Dunbar attended American University, where he earned a Bachelor of Arts in Economics and International Service and won the Harry S. Truman Scholarship. He went on to earn a dual MPP/JD from the Harvard Kennedy School and Yale Law School. He is a returned Peace Corps Volunteer who served in Kazakhstan, and an officer and Judge Advocate in the Alaska Army National Guard.

Political career 
Dunbar began his political career as an intern for officeholders including governor of Alaska Frank Murkowski and U.S. House delegate Madeleine Bordallo. While he was an intern in Washington, D.C., he participated in peace marches opposing the Iraq War; he credits them as a significant inspiration to enter civil service. Before being involved in electoral politics, Dunbar was a volunteer with the Peace Corps in Kazakhstan.

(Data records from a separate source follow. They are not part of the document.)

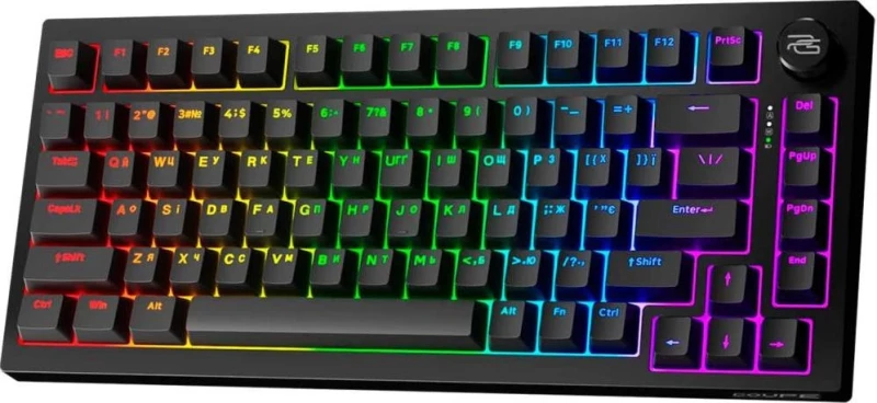 Бренд: Proove; Проводное подключение: есть; Беспроводное подключение: есть; Интерфейс коммуникации с ПК: радиоинтерфейс, Bluetooth, USB-C; Формфактор клавиатуры: компактная; Тип клавиш: механический; Модель свитчей: Huano Kobe; Подсветка: + (RGB); Источник питания (для беспроводных): аккумулятор; Тип разкладки: ANSI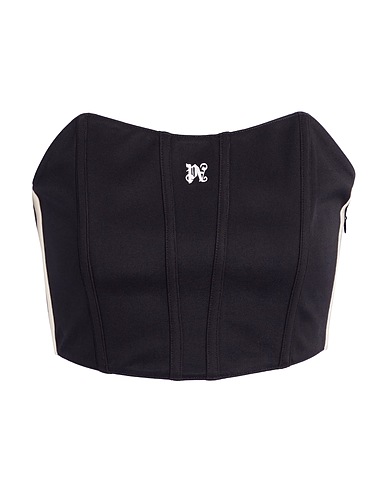 corset, crepe, solid color with appliqués, embroidered logo, side seam stripes, strapless, internal boning, hook fastenings, zipper fastening, stretch, hand wash, do not bleach, do not tumble dry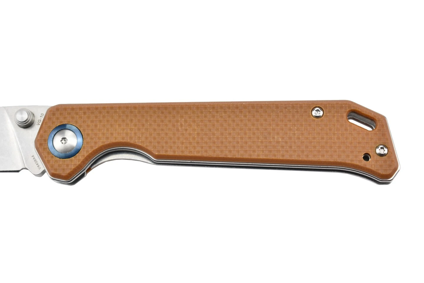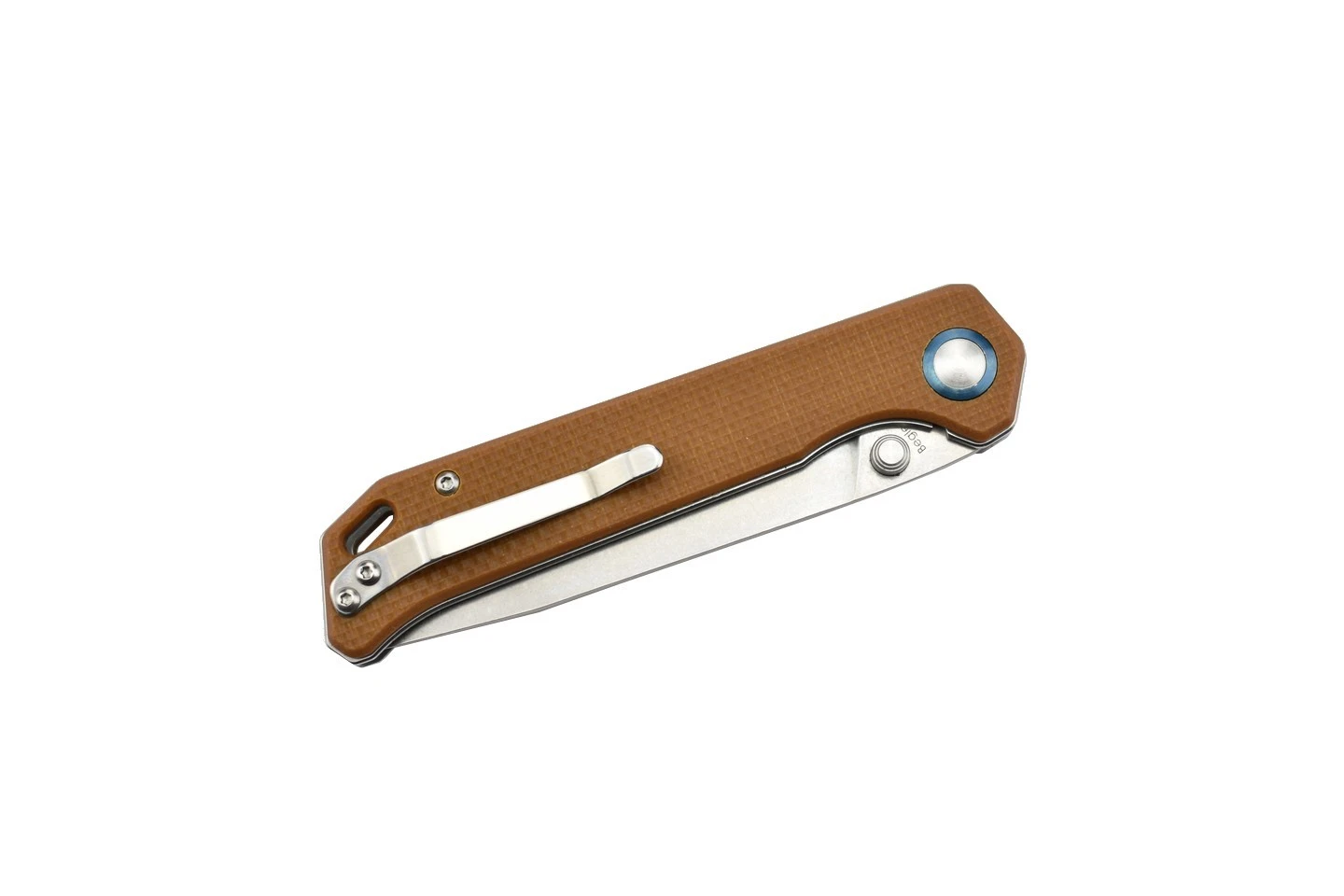 Le double thumb stud est pratique et il y a une grande fente pour un cordon qui logera facilement une paracorde. Le manche texturé en G10 a un profil idéal pour le transport et il est extrêmement ergonomique. Doté d’un clip-ceinture réversible et d’intercalaires en acier inoxydable, il deviendra vite un outil du quotidien indispensable.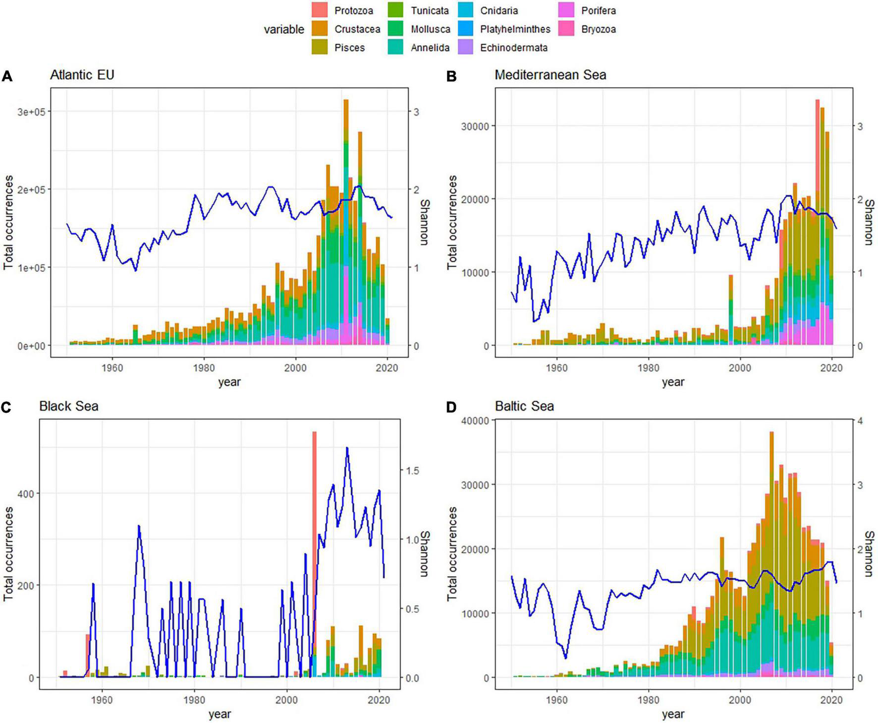Stacked bar plot showing basin-specific trends in the total number of occurrences per taxa along the last decades for the Atlantic EU (A), Mediterranean Sea (B), Black Sea (C), and Baltic Sea (D). Note that first occurrences date back to the XVII century, but here we just represent the 1950–2020 period. Different taxa are represented in colors, and the year-specific Shannon Index (blue line), which considered the relative contribution of particular taxa to the total number of occurrences reported for a given year and basin, was used as an indicator of the completeness in taxonomic sampling along the time-series.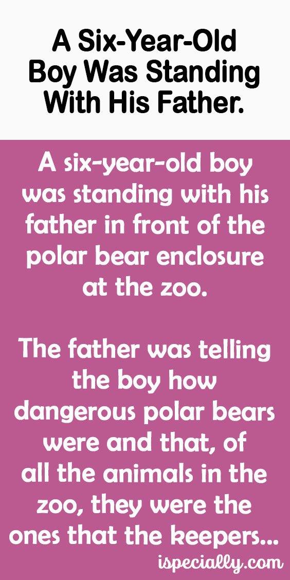 A six-year-old boy was standing with his father in front of the polar bear enclosure at the zoo.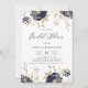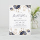Convide convidados para o seu evento com este chá de panela. Apresenta flores azuis e marfim de marinho aquoso com acentos falsos de folha de ouro. Personalize adicionando seus próprios detalhes. Este chá de panela floral é perfeito para qualquer estação e tema.

2014 congressional campaign 

In 2014, Dunbar launched a campaign for the U.S. House of Representatives running against Republican incumbent Don Young, who had represented  for 41 years and was running for his 21st full term. He easily won the nomination in the primary election; Libertarian candidate Jim McDermott also advanced to the general election. Dunbar received 41% of the vote in the general election, losing to Young by 10 percentage points in the closest race for the seat since 2008.

Anchorage Assembly 
Dunbar was first elected to the Anchorage Assembly in 2016, defeating Terre Gales with 61.6% of the vote in the fifth district, representing the eastern portion of the city. He has since been re-elected twice, in 2019 unopposed, and in 2022 with 55.4% of the vote against Stephanie Taylor. He is currently the second-longest serving incumbent member of the assembly behind Pete Petersen, who has served since 2014 in the same district. During his tenure, Dunbar says he has focused his efforts on "jobs, quality of life, and public safety," including expanding the Anchorage Police Department and the city's snow removal budget. 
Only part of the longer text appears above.